Stored items:
══════════

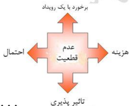
شکل ۱. متغیرهای دارای عدم قطعیت در شرایط ریسک
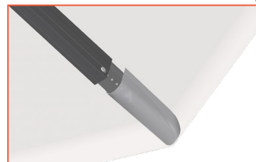
7a Variante Glatz
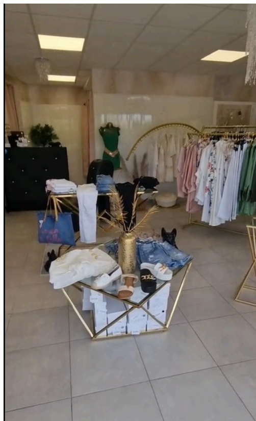
Une collection colorée, vitaminée, des styles variés et de petits prix.
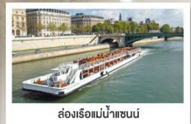
ล่องเรือแม่น้ำแชนน์
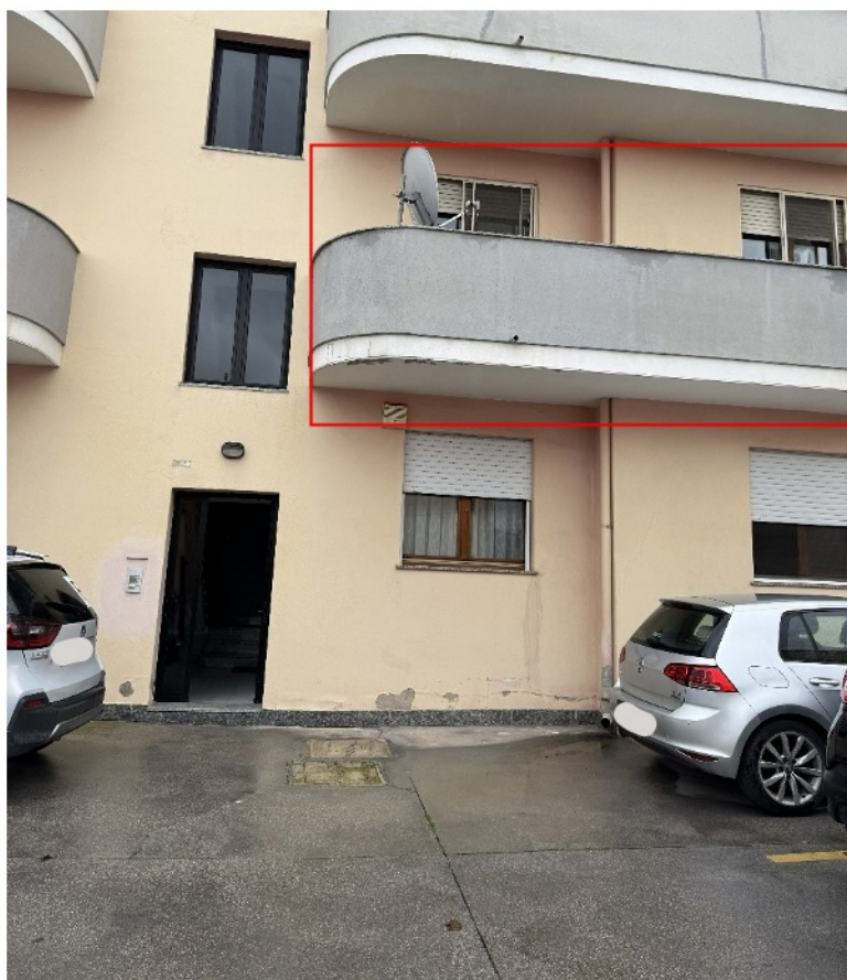
Prospetto principale e individuazione dell'immobile

DOTT. ING. ELISABETTA MASSA Valutatore Immobiliare Livello Avanzato UNI 11558:2014 Cepas n. 598 Via Messina 38, 09126 Cagliari (CA) P. IVA 03526930924 C.F. MSSLT70M71B354M Iscriz. Ordine Ingegneri Prov. CA n.3606 - Polizza professionale Lloyd's Insurance A45S475324A-LB
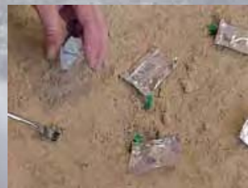
>Recolección manual de carbones para datación | EIA

Los restos orgánicos, como la madera o los frutos, no se conservan con facilidad. El FUEGO ejerce un papel prioritario
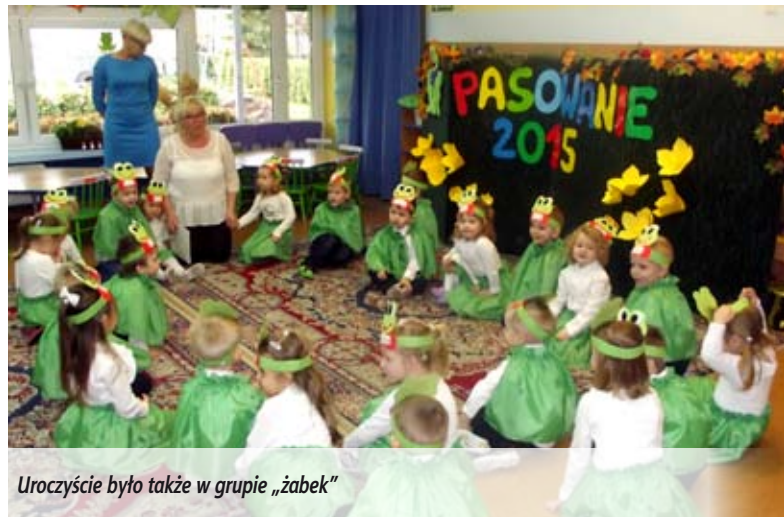
Uroczystość było także w grupie „żabek”
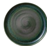
Teller flach rund hoher Rand 21 cm / Plate round flat high rim 21 cm Art-Nr: 8 01 1821 4 Durchmesser / diameter: 214 mm / 8.43" Inhalt / volume: 0,40 l / 13.53 fl. oz. VPE: 6
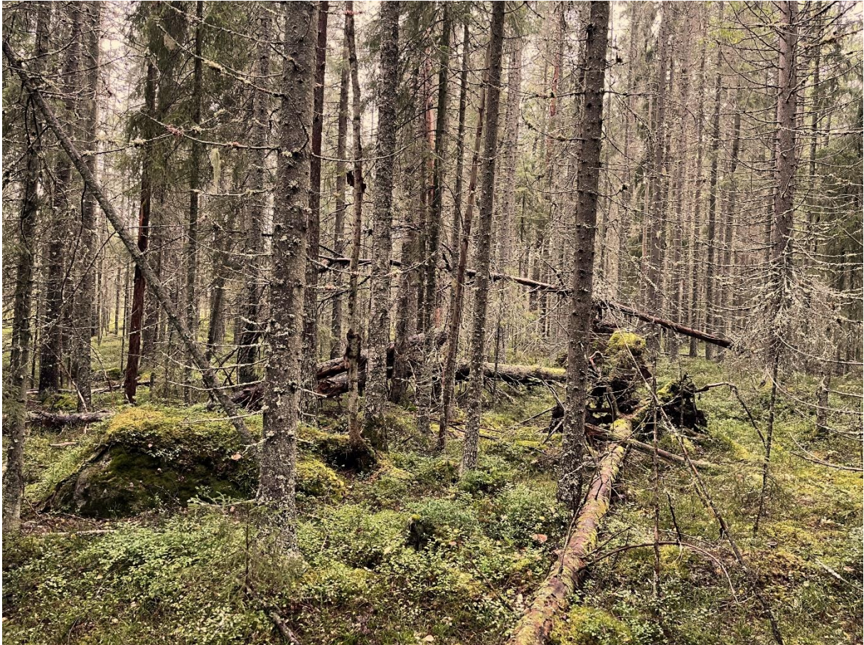
Främst färska lågor
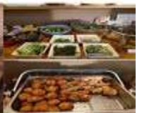
Hotel Route-Inn Court Azumino Toyoshina Ekiminami or Similar

วันที่ 3 คามิโคจิ - ปราสาทมัตสึโมโตะ - หมู่บ้านน้ำใส โอชิโนะฮัทได
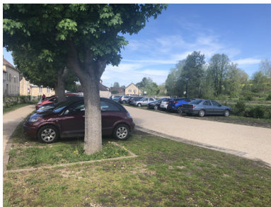
Stationnements perméables ombragés sous un alignement d'érables (Chaussy).
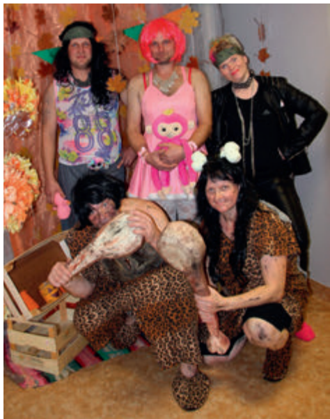
Tõrva ja Tõlliste sünnipäev. Näitetrupp Tõrva jaoskonna ja KL Helme kompanii liikmetest.

2019. a toimus Võidupüha paraad Tartus ja seega oli ka Valga ringkonna naistel võimalus paraadil osaleda. Võidupüha paraadile järgnesid üritused maakon-
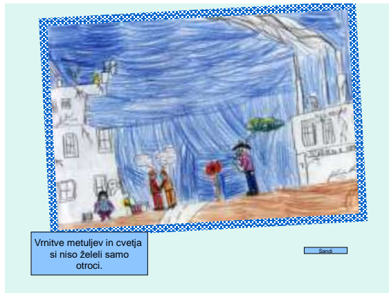
Vrnitve metuljev in cvetja si niso želeli samo otroci.
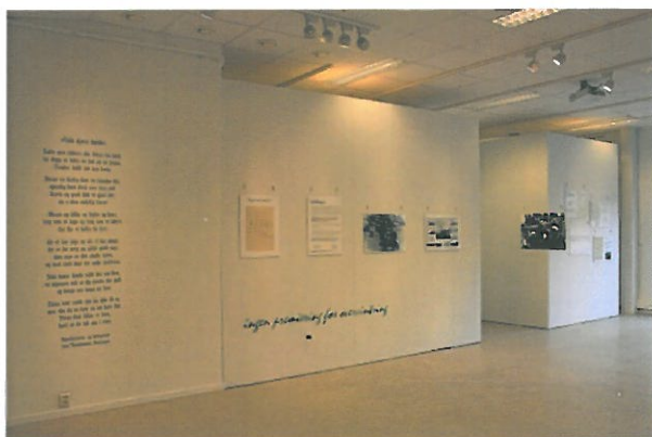
Foto og rapport fra utlån ved Gjenreisningsmuseet i Hammerfest.

Utstillingen har i 2014 vært på utlån hos: Sør – Varanger kommune, Samfunnshuset i Kirkenes og Grenselandsmuseet i Varanger og Gjenreisningsmuseet i Hammerfest. IKA Finnmark ønsker å videreutvikle utstillingen som nettutstilling og til formidling til skoler.
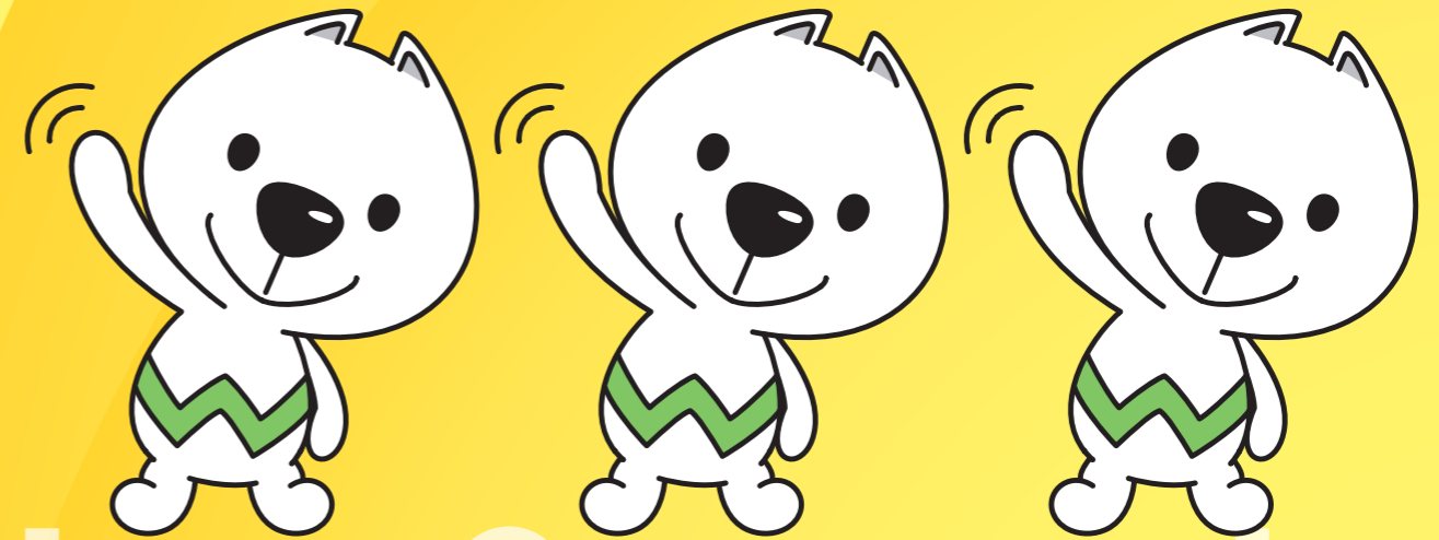
和歌山県PRキャラクター きいちゃん
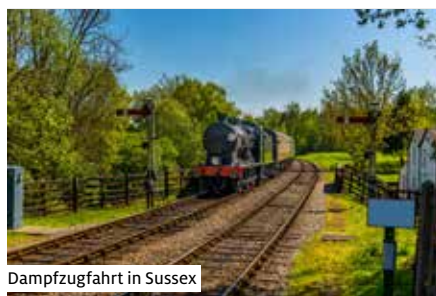
Dampfzugfahrt in Sussex
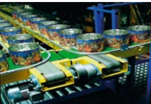
Glud & Marstrand, der hvert år producerer 70 mio. runde kagedåser, har haft stort udbytte af due diligence processer.

Nordens største producent af metalemballage Glud & Marstrand har fuldt overblik over sine miljøforhold som følge af miljømæssige due diligence audits gennemført med Carl Bro Gruppens bistand.
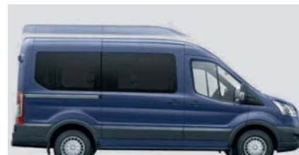
Visoka višina strehe (H3)

══════════

◆ **About this exercise**: Print exactly the line containing "Nordens største producent" and every line after it through the final line above, and leave all pictures out.

◆ **Response box**:
Nordens største producent af metalemballage Glud & Marstrand har fuldt overblik over sine miljøforhold som følge af miljømæssige due diligence audits gennemført med Carl Bro Gruppens bistand.
Visoka višina strehe (H3)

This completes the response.